■ **Task requirements**:
Look through the listing below for the line containing "Print depicting two". Copy it and each line after it up to and including the line containing "There was additionally", exactly, leaving out pictures.

■ **Given records**:

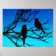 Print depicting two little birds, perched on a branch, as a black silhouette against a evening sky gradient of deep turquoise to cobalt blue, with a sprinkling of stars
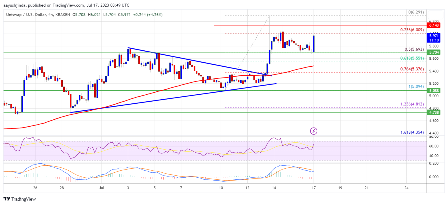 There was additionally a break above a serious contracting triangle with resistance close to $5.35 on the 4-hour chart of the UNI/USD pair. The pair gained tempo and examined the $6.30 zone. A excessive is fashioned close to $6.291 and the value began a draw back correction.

---

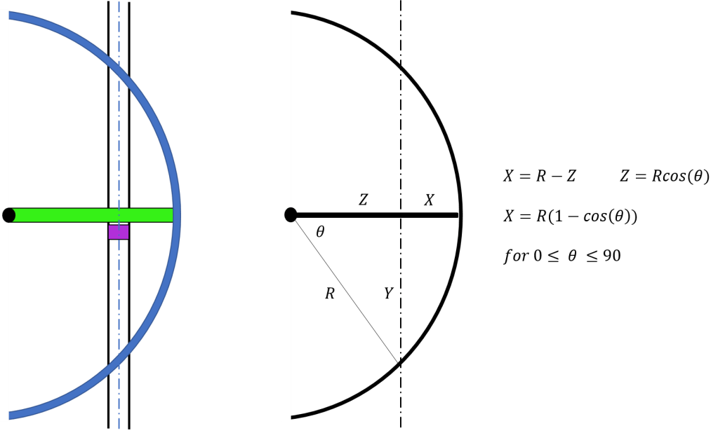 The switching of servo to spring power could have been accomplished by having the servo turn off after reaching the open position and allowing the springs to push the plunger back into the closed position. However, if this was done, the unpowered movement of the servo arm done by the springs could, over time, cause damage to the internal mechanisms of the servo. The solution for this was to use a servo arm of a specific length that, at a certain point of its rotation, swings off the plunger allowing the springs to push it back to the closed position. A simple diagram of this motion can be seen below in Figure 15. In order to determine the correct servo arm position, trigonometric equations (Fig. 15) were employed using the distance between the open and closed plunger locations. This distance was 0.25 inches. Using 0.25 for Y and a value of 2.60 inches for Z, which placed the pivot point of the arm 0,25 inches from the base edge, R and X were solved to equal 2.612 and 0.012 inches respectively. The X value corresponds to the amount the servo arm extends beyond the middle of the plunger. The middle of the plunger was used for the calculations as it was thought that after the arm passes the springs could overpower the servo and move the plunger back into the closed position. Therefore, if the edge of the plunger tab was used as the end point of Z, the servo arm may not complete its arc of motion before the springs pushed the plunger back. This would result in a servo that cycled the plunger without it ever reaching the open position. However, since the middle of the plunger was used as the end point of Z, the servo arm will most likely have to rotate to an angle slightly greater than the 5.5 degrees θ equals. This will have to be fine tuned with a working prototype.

■ **Reply to the exercise**:
 Print depicting two little birds, perched on a branch, as a black silhouette against a evening sky gradient of deep turquoise to cobalt blue, with a sprinkling of stars
 There was additionally a break above a serious contracting triangle with resistance close to $5.35 on the 4-hour chart of the UNI/USD pair. The pair gained tempo and examined the $6.30 zone. A excessive is fashioned close to $6.291 and the value began a draw back correction.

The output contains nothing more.